Pictures in the data should be dropped; transcribe exactly the lines from the one that has "Training class for" through the one that has "ক্লাস রুম, রাষ্ট্রবিজ্ঞান, নিউ".

■ ■ ■ ■

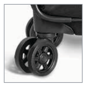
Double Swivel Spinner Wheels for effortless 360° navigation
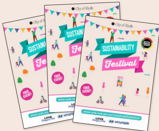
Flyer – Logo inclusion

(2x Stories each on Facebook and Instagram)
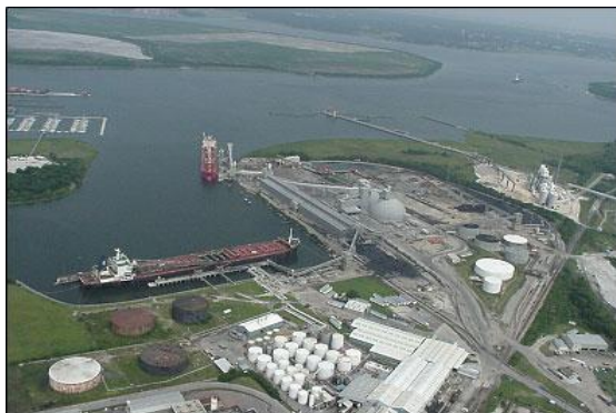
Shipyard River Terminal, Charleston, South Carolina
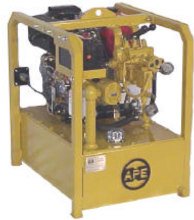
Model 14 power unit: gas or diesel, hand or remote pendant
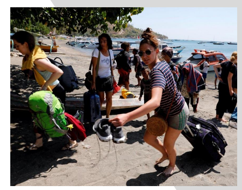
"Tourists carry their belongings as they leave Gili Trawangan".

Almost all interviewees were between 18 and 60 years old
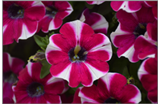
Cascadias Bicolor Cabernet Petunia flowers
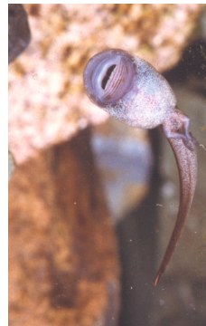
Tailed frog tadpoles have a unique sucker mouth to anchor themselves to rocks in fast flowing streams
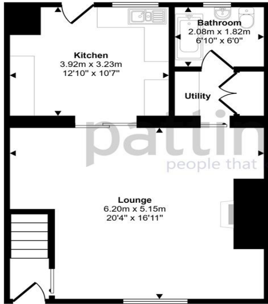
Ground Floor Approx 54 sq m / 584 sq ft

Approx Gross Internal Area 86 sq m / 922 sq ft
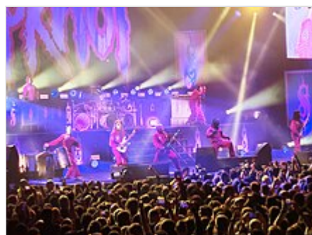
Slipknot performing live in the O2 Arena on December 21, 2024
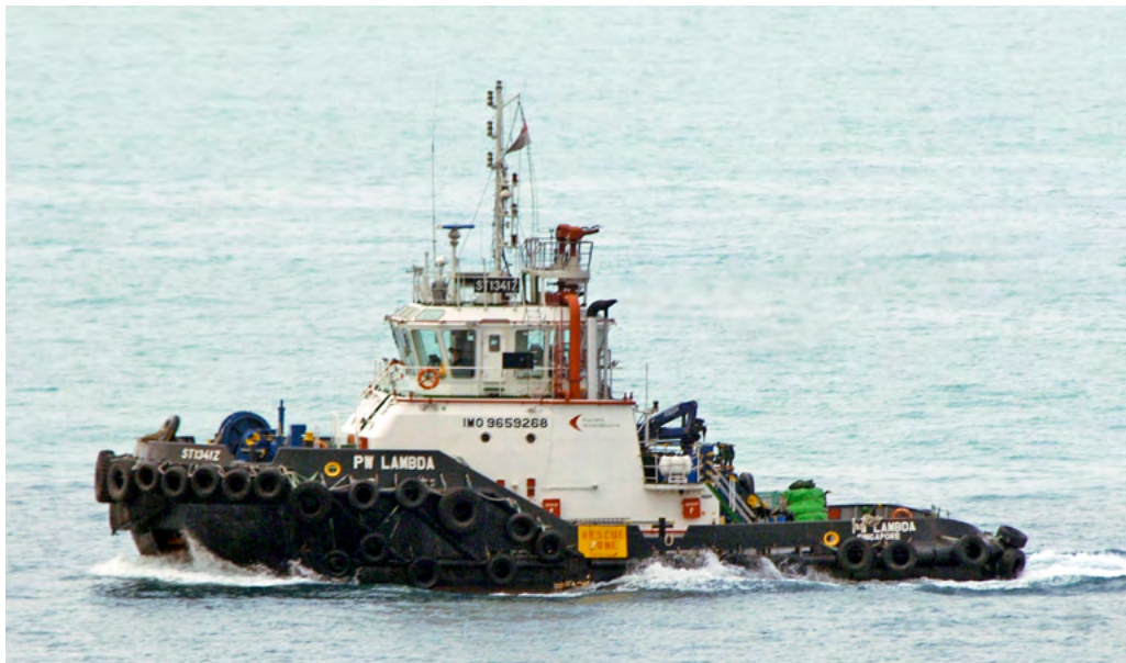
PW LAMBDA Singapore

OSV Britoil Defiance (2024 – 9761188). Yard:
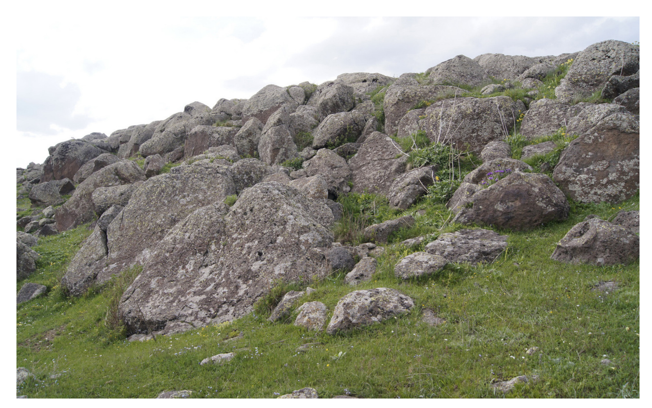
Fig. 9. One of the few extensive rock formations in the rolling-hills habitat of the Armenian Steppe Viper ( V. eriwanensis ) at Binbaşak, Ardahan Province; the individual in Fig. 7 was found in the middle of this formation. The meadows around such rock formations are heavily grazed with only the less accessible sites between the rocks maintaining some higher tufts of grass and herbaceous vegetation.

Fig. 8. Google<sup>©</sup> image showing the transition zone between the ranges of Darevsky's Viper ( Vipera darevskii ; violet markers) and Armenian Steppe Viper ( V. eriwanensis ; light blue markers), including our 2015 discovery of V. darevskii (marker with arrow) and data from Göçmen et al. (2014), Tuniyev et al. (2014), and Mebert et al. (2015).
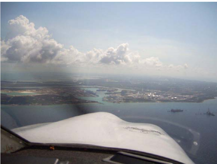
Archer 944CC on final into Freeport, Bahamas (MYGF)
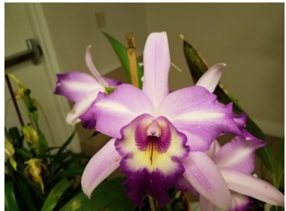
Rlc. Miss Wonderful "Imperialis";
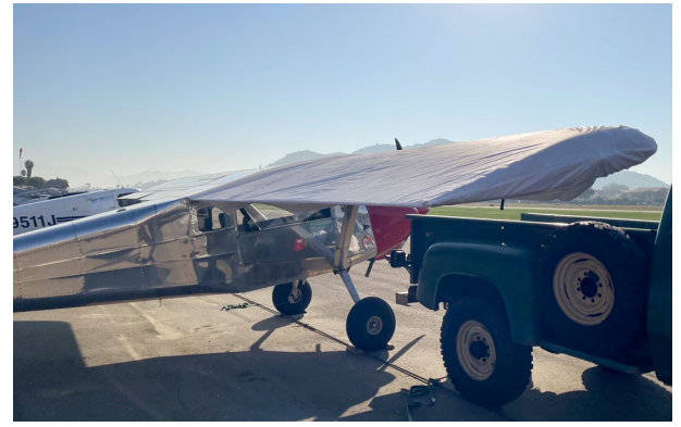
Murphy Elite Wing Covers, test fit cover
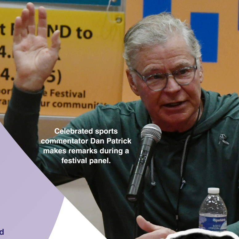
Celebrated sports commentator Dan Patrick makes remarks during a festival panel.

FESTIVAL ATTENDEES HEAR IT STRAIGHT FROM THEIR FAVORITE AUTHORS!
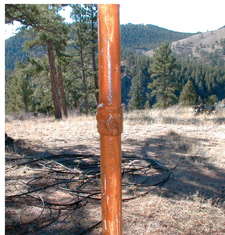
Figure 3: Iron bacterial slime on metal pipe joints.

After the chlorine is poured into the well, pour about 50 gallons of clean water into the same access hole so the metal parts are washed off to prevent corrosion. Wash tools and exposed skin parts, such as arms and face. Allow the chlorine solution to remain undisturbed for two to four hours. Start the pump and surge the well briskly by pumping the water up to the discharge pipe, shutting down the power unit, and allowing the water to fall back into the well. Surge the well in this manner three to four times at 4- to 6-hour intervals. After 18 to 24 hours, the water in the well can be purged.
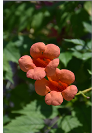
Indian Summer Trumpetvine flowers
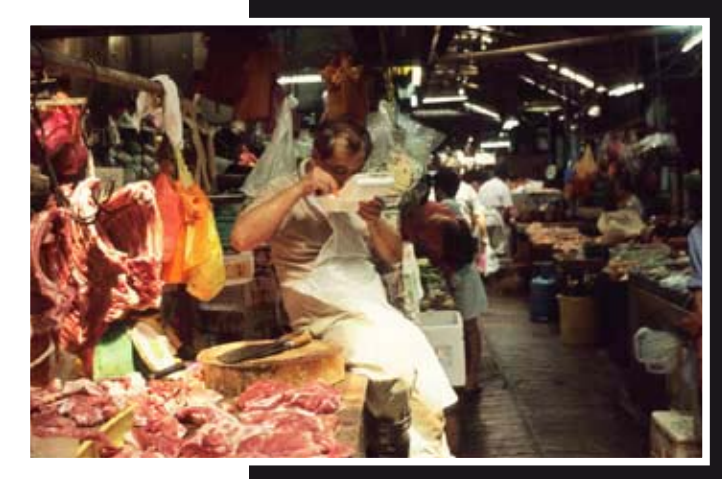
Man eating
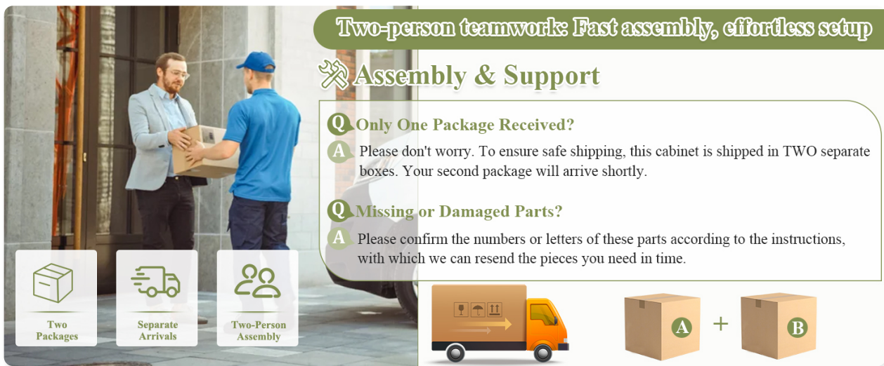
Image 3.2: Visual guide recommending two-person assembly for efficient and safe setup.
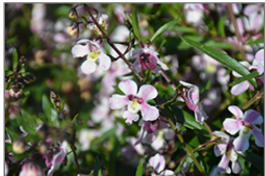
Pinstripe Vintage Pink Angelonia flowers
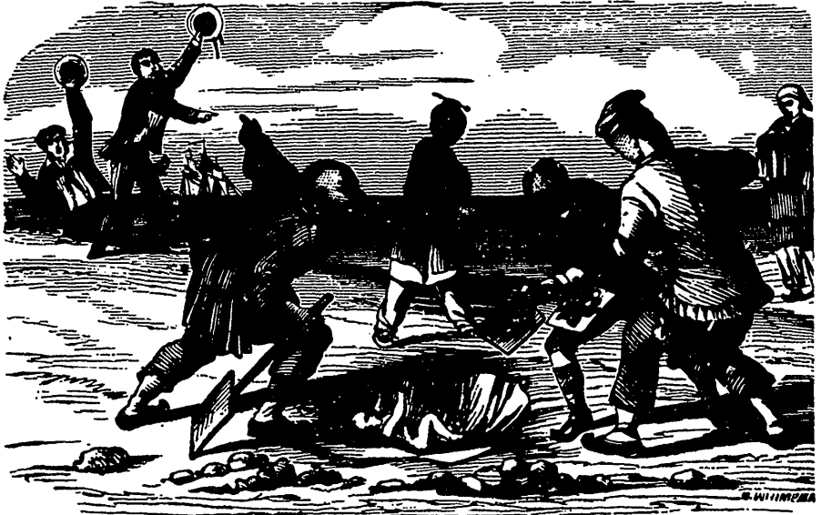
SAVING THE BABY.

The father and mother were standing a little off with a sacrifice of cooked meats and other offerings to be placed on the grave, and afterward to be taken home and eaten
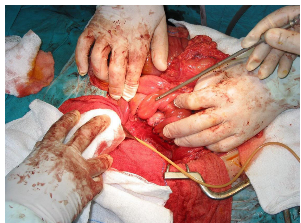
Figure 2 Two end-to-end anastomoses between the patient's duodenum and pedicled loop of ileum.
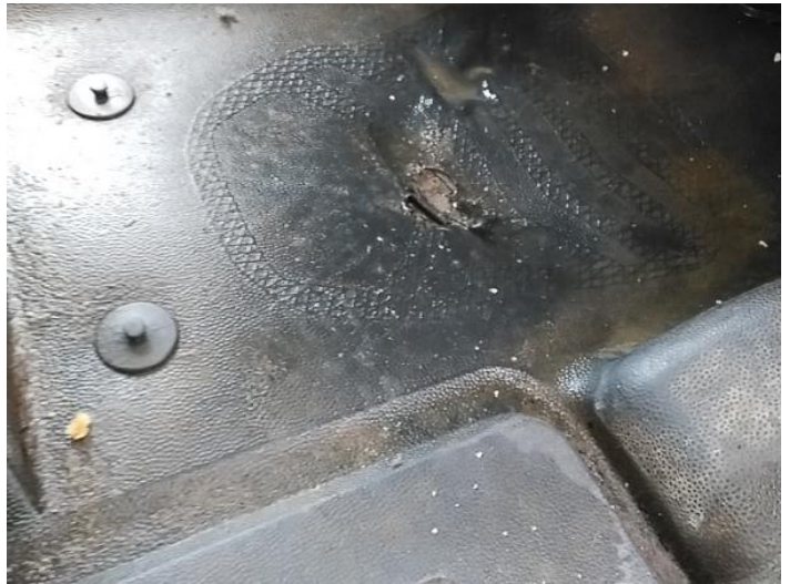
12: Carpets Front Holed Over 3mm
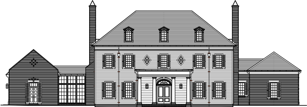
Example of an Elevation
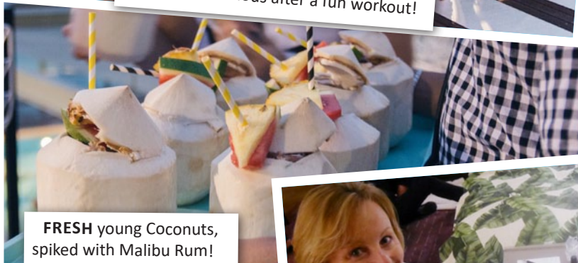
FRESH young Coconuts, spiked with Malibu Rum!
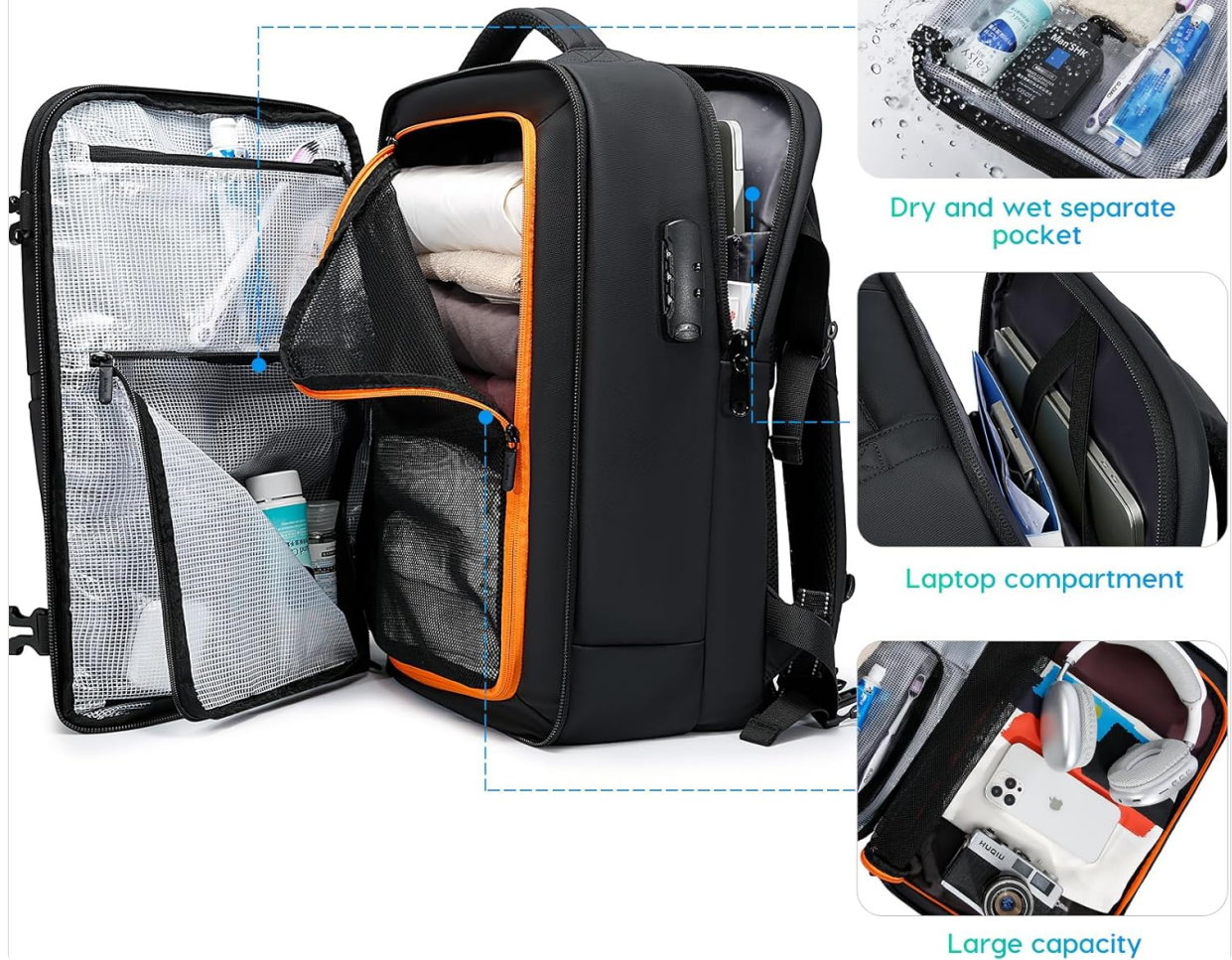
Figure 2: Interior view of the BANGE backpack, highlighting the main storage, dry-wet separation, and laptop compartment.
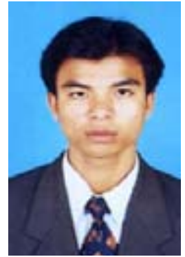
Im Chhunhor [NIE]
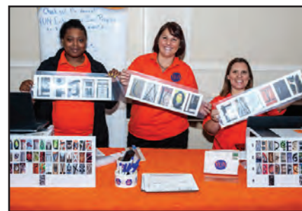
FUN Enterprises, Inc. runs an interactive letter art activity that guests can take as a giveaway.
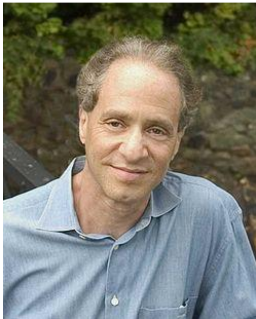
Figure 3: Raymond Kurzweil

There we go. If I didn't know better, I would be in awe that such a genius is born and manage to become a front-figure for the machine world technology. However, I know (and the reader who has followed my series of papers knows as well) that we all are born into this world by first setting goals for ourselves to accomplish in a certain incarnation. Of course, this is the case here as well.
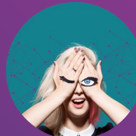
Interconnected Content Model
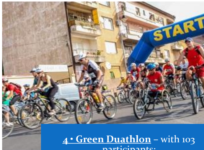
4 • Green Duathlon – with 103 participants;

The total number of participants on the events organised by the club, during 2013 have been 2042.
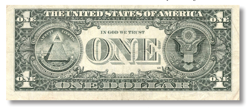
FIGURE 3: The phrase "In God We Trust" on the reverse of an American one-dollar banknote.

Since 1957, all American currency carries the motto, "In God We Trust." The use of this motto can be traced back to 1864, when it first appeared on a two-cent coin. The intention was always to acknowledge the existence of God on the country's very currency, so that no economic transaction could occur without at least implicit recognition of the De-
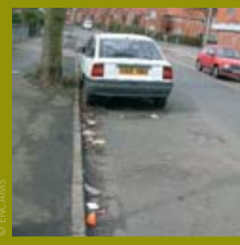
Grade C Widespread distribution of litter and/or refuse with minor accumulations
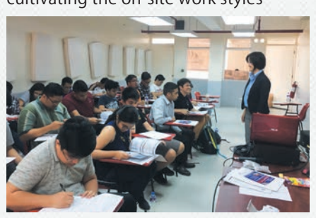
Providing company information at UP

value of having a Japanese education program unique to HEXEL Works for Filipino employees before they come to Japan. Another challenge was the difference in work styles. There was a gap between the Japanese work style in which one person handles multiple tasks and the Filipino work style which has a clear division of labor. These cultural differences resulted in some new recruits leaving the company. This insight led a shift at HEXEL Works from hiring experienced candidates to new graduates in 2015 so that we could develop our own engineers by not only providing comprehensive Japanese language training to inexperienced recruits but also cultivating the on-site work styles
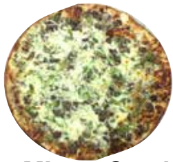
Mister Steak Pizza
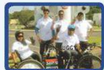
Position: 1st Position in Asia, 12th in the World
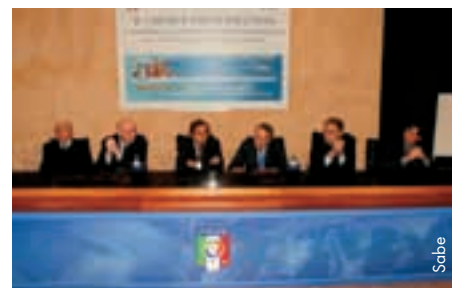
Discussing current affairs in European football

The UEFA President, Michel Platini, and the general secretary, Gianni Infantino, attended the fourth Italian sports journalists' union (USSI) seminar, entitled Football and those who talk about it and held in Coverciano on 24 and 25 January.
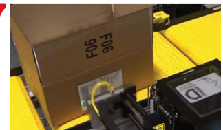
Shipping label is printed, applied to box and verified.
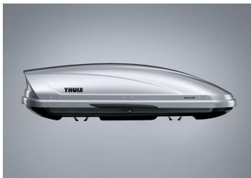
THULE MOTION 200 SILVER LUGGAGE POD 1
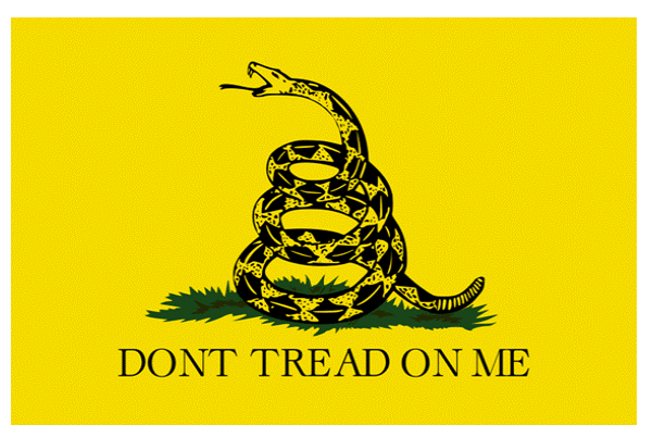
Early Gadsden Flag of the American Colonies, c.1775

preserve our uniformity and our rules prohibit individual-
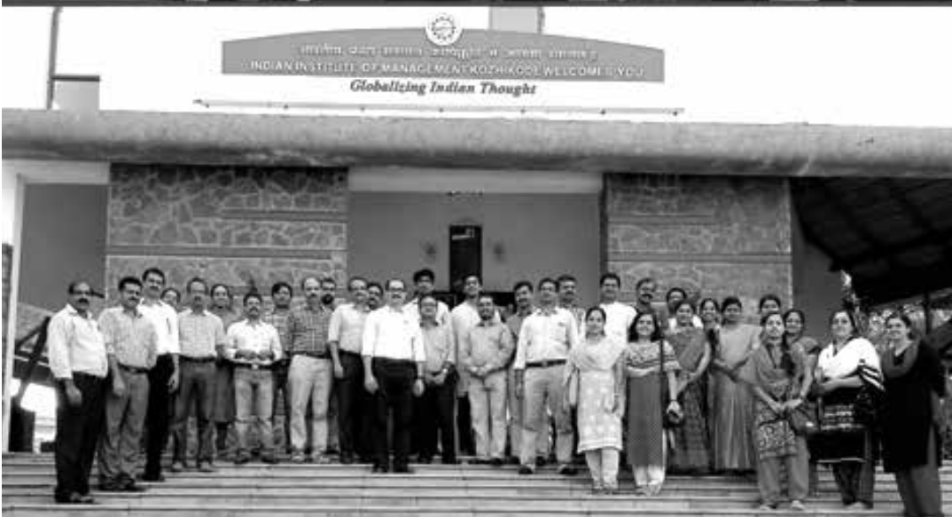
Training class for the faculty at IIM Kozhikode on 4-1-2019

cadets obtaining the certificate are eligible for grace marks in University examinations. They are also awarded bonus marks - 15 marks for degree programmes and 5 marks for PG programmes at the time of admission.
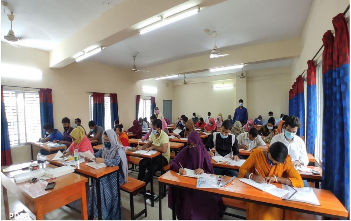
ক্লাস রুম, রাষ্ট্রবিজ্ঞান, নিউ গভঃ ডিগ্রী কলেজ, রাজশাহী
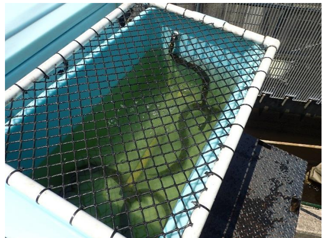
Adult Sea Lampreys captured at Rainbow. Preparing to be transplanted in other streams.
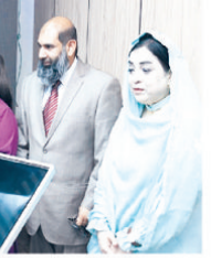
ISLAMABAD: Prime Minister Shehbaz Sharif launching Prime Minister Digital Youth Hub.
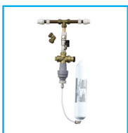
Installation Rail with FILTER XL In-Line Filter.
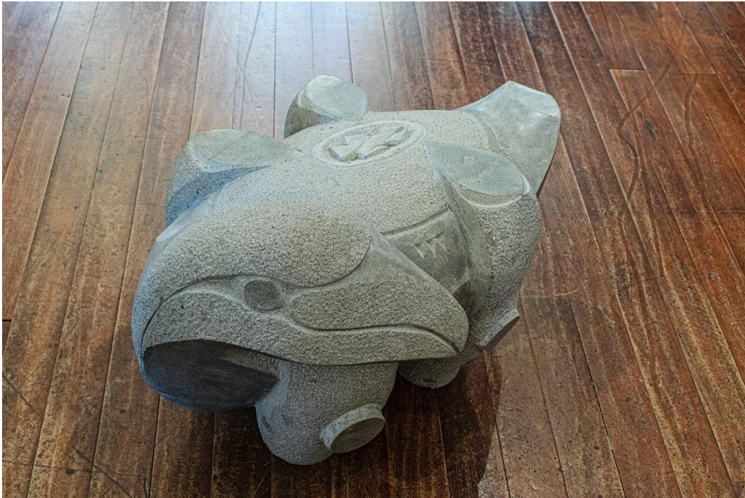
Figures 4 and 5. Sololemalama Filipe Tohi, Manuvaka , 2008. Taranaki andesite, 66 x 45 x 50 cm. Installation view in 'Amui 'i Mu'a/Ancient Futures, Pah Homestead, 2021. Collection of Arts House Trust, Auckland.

■ ■ ■ ■

◆ **Written solution**:
Training class for the faculty at IIM Kozhikode on 4-1-2019

cadets obtaining the certificate are eligible for grace marks in University examinations. They are also awarded bonus marks - 15 marks for degree programmes and 5 marks for PG programmes at the time of admission.
ক্লাস রুম, রাষ্ট্রবিজ্ঞান, নিউ গভঃ ডিগ্রী কলেজ, রাজশাহী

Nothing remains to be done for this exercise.